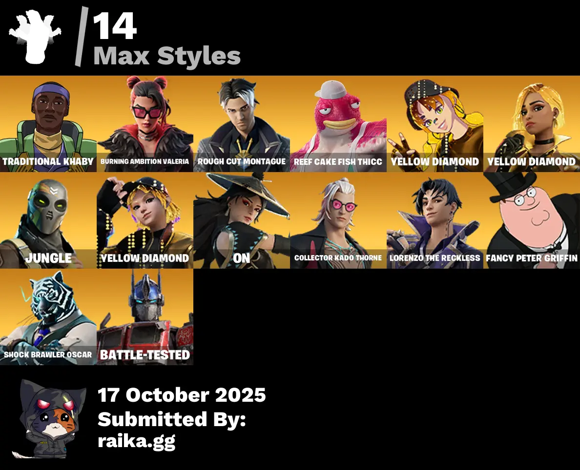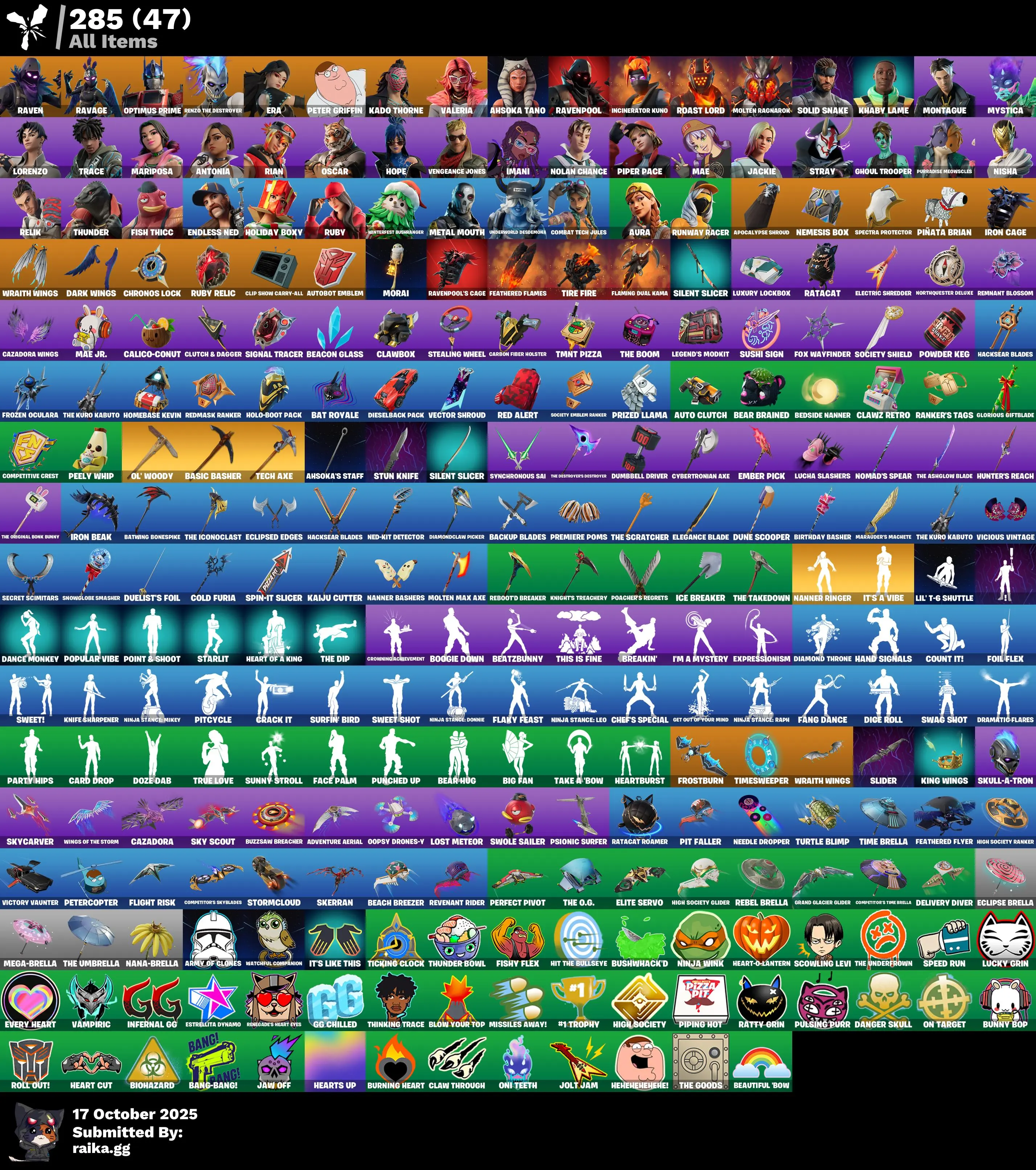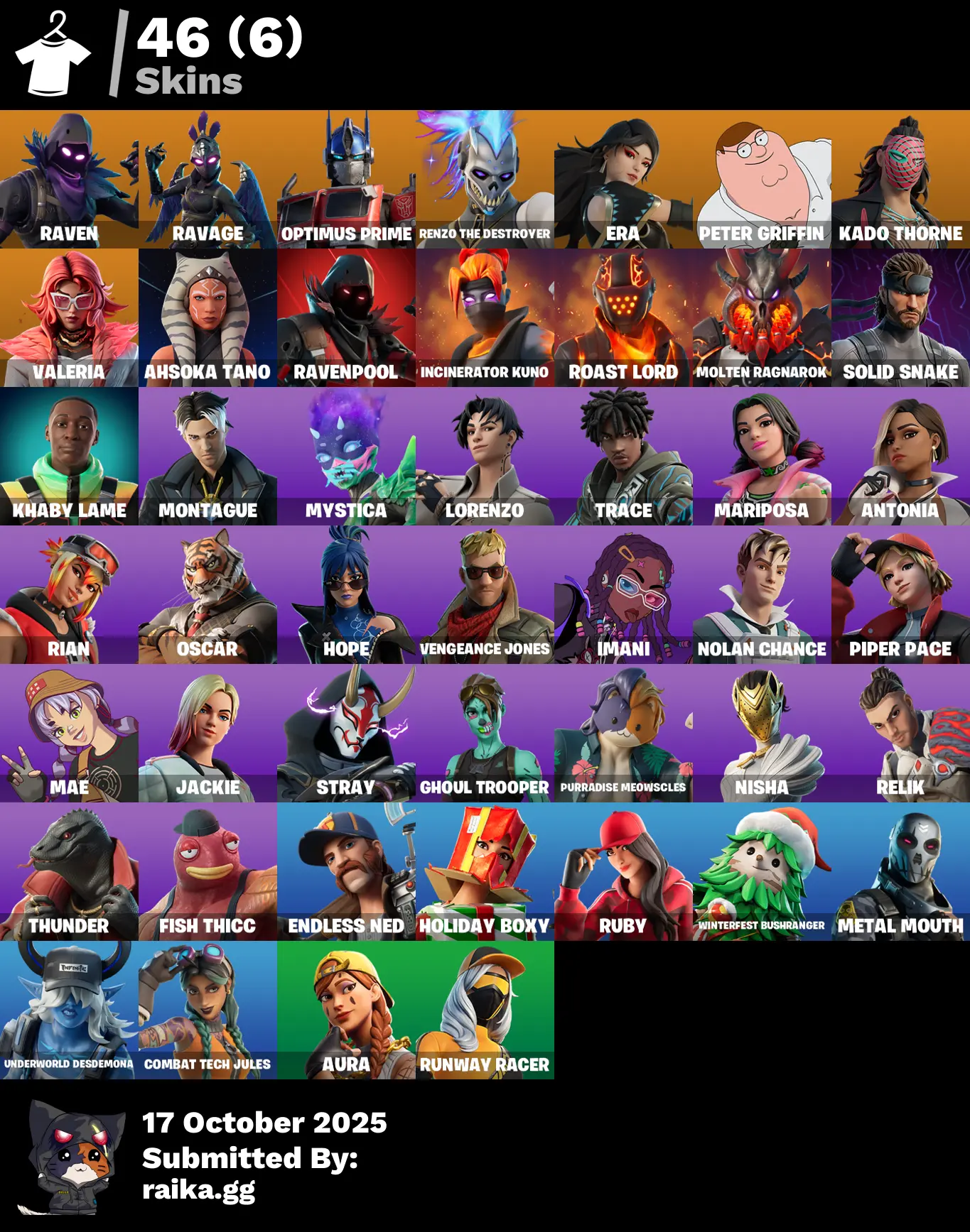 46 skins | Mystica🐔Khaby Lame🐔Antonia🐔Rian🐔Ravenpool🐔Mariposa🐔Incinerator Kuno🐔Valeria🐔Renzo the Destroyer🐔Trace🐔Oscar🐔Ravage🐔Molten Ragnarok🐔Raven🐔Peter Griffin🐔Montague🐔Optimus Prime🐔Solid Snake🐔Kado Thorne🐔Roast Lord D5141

...

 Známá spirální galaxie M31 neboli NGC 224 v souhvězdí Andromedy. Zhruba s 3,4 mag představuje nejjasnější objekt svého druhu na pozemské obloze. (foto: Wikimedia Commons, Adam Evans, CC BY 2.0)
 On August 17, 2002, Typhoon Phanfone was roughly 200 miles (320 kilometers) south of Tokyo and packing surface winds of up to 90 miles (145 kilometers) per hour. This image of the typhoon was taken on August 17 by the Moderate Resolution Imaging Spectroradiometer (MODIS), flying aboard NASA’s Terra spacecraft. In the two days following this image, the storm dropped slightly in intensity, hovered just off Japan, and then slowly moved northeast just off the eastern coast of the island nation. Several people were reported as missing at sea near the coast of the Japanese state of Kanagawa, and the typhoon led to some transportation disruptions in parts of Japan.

* * *

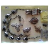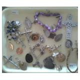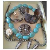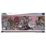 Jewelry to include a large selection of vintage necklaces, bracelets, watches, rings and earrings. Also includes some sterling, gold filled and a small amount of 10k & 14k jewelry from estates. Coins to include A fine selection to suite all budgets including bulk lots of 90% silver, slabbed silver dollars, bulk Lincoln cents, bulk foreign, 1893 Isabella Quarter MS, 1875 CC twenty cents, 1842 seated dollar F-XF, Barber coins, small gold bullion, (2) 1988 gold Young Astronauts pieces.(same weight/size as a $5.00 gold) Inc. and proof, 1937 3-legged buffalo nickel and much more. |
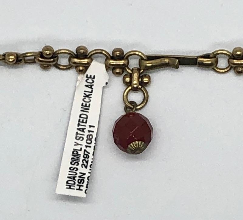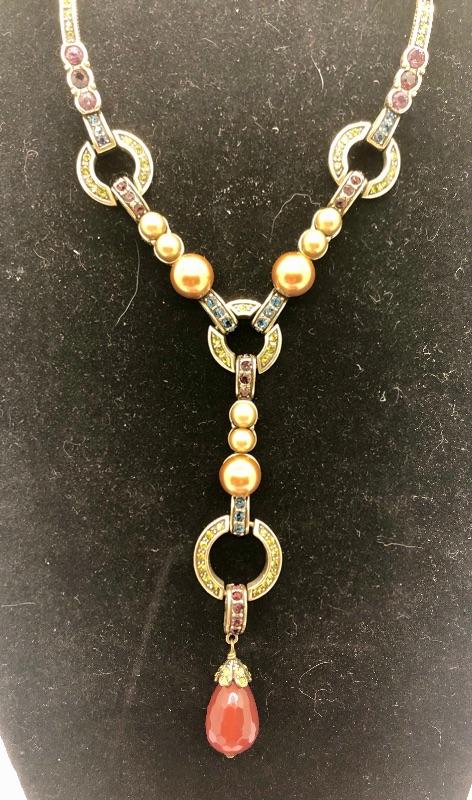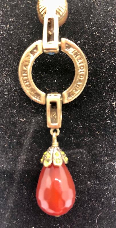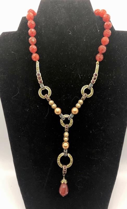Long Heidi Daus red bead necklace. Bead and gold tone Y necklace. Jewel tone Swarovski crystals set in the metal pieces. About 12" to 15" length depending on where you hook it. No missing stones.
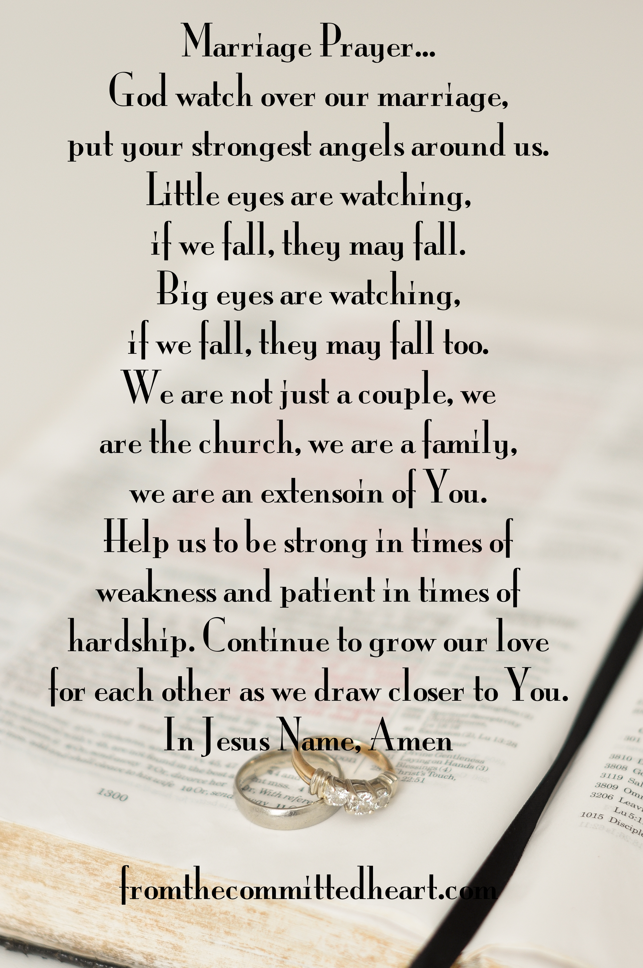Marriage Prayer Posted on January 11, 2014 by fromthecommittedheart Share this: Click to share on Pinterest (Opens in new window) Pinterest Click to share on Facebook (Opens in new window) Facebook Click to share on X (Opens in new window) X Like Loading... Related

--- Assignment ---
Your task is to retype the entries verbatim, starting with the line that holds "Známá spirální galaxie" and stopping after the line that holds "On August 17, 2002, Typhoon".

--- Solved exercise ---
 Známá spirální galaxie M31 neboli NGC 224 v souhvězdí Andromedy. Zhruba s 3,4 mag představuje nejjasnější objekt svého druhu na pozemské obloze. (foto: Wikimedia Commons, Adam Evans, CC BY 2.0)
 On August 17, 2002, Typhoon Phanfone was roughly 200 miles (320 kilometers) south of Tokyo and packing surface winds of up to 90 miles (145 kilometers) per hour. This image of the typhoon was taken on August 17 by the Moderate Resolution Imaging Spectroradiometer (MODIS), flying aboard NASA’s Terra spacecraft. In the two days following this image, the storm dropped slightly in intensity, hovered just off Japan, and then slowly moved northeast just off the eastern coast of the island nation. Several people were reported as missing at sea near the coast of the Japanese state of Kanagawa, and the typhoon led to some transportation disruptions in parts of Japan.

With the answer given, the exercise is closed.